Convertible Securities

         Certain Funds may invest in convertible securities, such as bonds,
notes, debentures, preferred stocks and other securities that may be converted
into common stock. The convertible securities purchased by a Fund will generally
be rated in the top two categories by an NRSRO or, if unrated, determined by the
Adviser to be of comparable quality. Investments in convertible securities can
provide income through interest and dividend payments, as well as, an
opportunity for capital appreciation by virtue of their conversion or exchange
features.

         The convertible securities in which a Fund may invest include
fixed-income and zero coupon debt securities, and preferred stock that may be
converted or exchanged at a stated or determinable exchange ratio into
underlying shares of common stock. The exchange ratio for any particular
convertible security may be adjusted from time to time due to stock splits,
dividends, spin-offs, other corporate distributions or scheduled changes in the
exchange ratio. Convertible debt securities and convertible preferred stocks,
until converted, have general characteristics similar to both debt and equity
securities. Although to a lesser extent than with debt securities, generally,
the market value of convertible securities tends to decline as interest rates
increase and, conversely, tends to increase as interest rates decline.
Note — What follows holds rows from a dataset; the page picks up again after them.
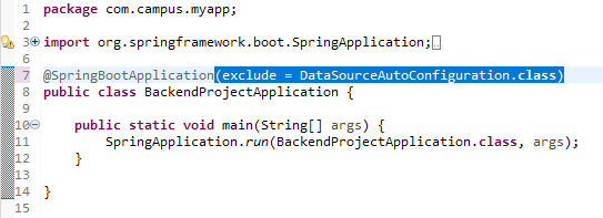 2) (이번에 사용할 해결 방법)서버가 필요하지 않을 시 src/main/java 안의 com.campus.myapp 패키지 안에 '프로젝트명Application.java'파일의 @SpringBootApplication 어노테이션에 (exclude = DataSourceAutoConfiguration.class)를 추가해준다.
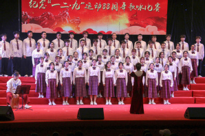 12月7日下午,由共青团英国威廉希尔公司官网委员会主办的“红歌献给党”纪念“一二·九”运动88周年歌咏比赛在陈祖昌大礼堂举行。化工与材料学院58名同学组成合唱团代表学院参赛。我院合唱团凭借对歌曲《我爱你中国》的出色演绎,荣获特等奖(总分并列第二)。22级化学(师范)专业王爱琪荣获优秀指挥奖。
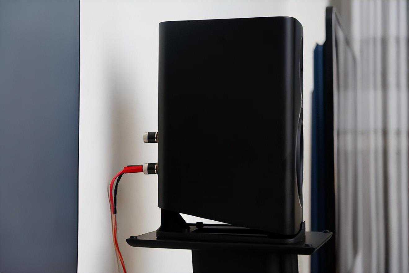 下图是上架安装的样子,背部没有散热器,也非后置式低音反射腔,所以在摆放时只要空开线距离就好,更省空间。
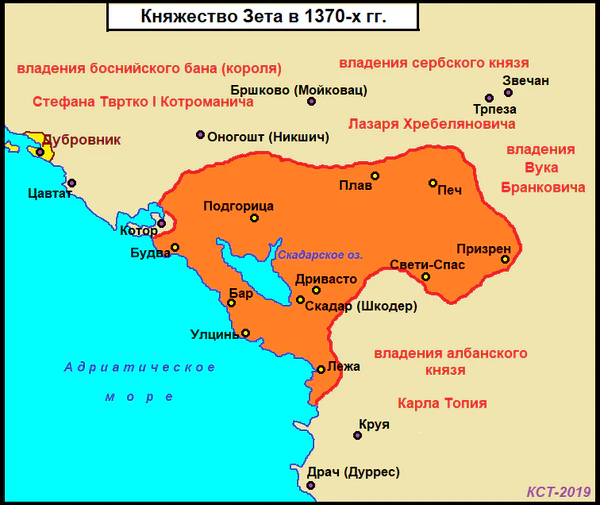 Дукля добилась освобождения от Византии при князе Стефане Воиславе, во второй половине XI века включала в себя большинство сербских земель (в том числе Рашку и Боснию) и вскоре распалась. К 1186 году завершился процесс вхождения земель бывшей Дукли в Рашку, находившейся под правлением династии Неманичей; присоединённый регион получил название Зета. Княжество Зета стало независимым во второй половине XIV века, но уже в 1421 вошло в состав Сербского деспотата. В 1444 году над территорией Зеты был установлен венецианский протекторат. В 1496―1499 регион был захвачен Османской империей и включён в Шкодринский санджак, при этом приморские города (Бар, Улцинь, Котор и Будва) остались под контролем Венецианской республики[16].
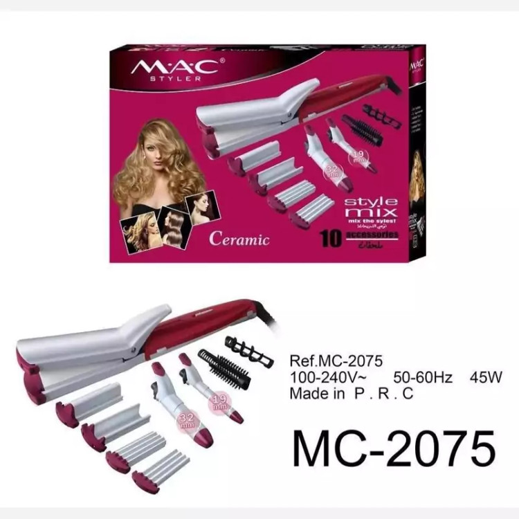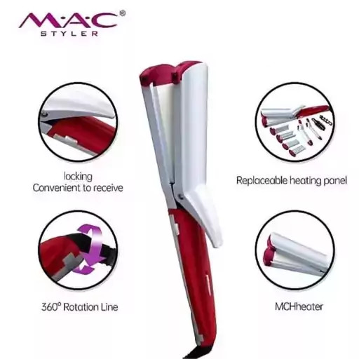توضیحات:اتو مو سرامیکی مک استایلر مدل MC-2075 دارای قدرت 37 وات میباشد محصولی حرفه ای و یک ست کامل برای آرایش موی شماست و در واقع میتوان گفت شگفتی و تحولی عظیم در تولید و ساخت اتو مو است چرا که آخرین فناوری ها را در خود دارد به طوری که شما می توانید همزمان با اتو موی 10 کاره مک استایلر موهای خود را بپیچید و حالت دهید و فرم دلخواه خود را روی موها پیاده کنید.اتو موی 10 کاره مک استایلر شما را قادر می سازد که در منزل موهای خود و اطرافیانتان را با زیبایی هر چه بیشتر به حالت های مختلف در بیاورید و از زیبایی و لطافت موهای خود لذت ببرید.مک استایلر برندی موفق و معتبر در زمینه تولید اتو موهاست. ظاهر زیبا و عملکرد دقیق، جزئی از ویژگی های این نمونه است. مدلی که به صورت حرفه ای و به تناسب سالن های زیبایی طراحی شده است. امکانات مدرن و فناوری های نوینی در این محصول به کار گرفته شده است. متریال مرغوب و عملکرد مطلوبی به این نمونه اختصاص یافته است. نوع طرح بدنه و عملکردهای مرتبط به آن در ادامه بیان می شود.شکل زیبا و فوق العاده خوش رنگ اتو مو مک استایلر مدل MC-2075 در چشم بیننده خوش می درخشد. بطوری که رنگ ترکیبی این نمونه آن را بسیار مورد توجه قرار داده است. ساختار دسته آن متناسب با فرم دست طراحی شده است و تمامی صحفات آن توسط سیستم ایمنی منحصر به فردی قابل تعویض هست. به بیانی دیگر، خوش دست بوده و کار کردن با آن بسیار آسان است.بخش اصلی و عملکردی این محصول، صفحات اعمال حرارت آن می باشد. این صفحات اندازه ای پهن و عریض دارند. اندازه آن ها باتوجه به نوع صحفه متفاوت می باشد بطوری صفحات صاف کننده موها 36 میلی متری، صفحه موج دار کننده 36 میلی متری، اتوی فر کننده با قظر های 16 و 19 میلی متری و مارپیچ کشویی با قطر 19 میلی متری می باشند. جنس این صفحات از سرامیک بوده و از مقاومت و دوام ساختاری برخوردار است. سرامیک حرارت را به طور یکنواخت و متعادل روی کل سطح پخش می نماید.
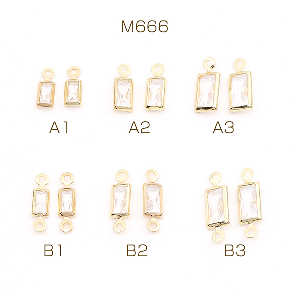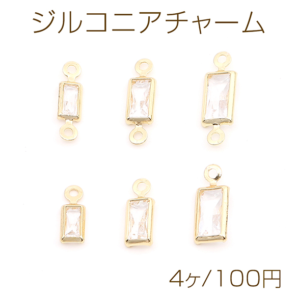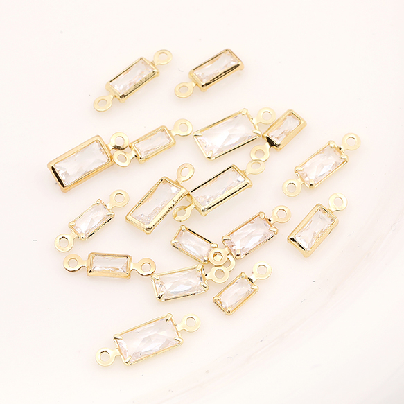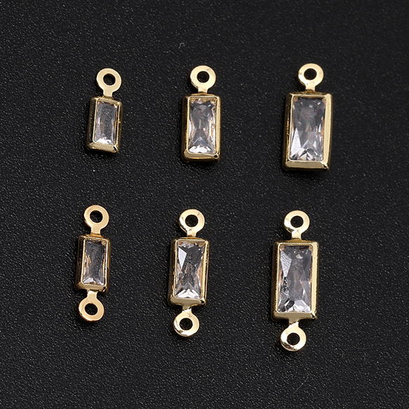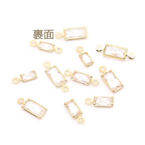 ジルコニアチャーム 長方形型 ゴールド×クリスタル
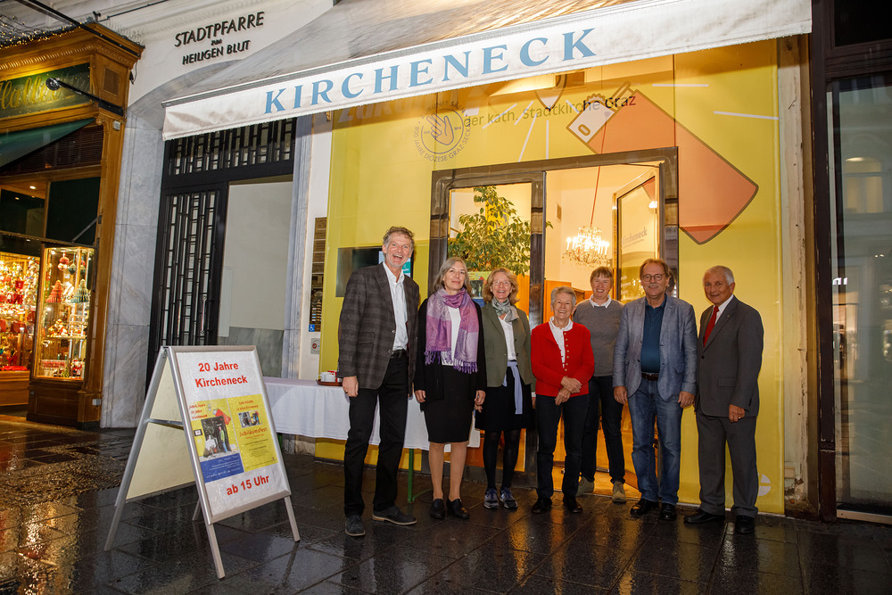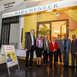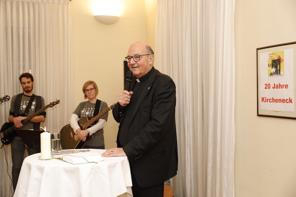 Bischofsvikar Heinrich Schnuderl, der seinerzeit die Öffnung des Kirchenecks initiierte, erzählte von der Entstehungsgeschichte des Kirchenecks, das – angepasst an die räumlichen Anforderungen eines Lokals in einer Einkaufsstraße – nach wie vor das Ziel hat, den Menschen auf Augenhöhe zu begegnen.

In
addition, because of the conversion exchange feature, the market value of
convertible securities typically changes as the market value of the underlying
common stock changes, and, therefore, also tends to follow movements in the
general market for equity securities. A unique feature of convertible securities
is that as the market price of the underlying common stock declines, convertible
securities tend to trade increasingly on a yield basis, and so may not
experience market value declines to the same extent as the underlying common
stock. When the market price of the underlying common stock increases, the price
of a convertible security tends to rise as a reflection of the value of the
underlying common stock, although typically not as much as the price of the
underlying common stock. While no securities investments are without risk,
investments in convertible securities generally entail less risk than
investments in common stock of the same issuer.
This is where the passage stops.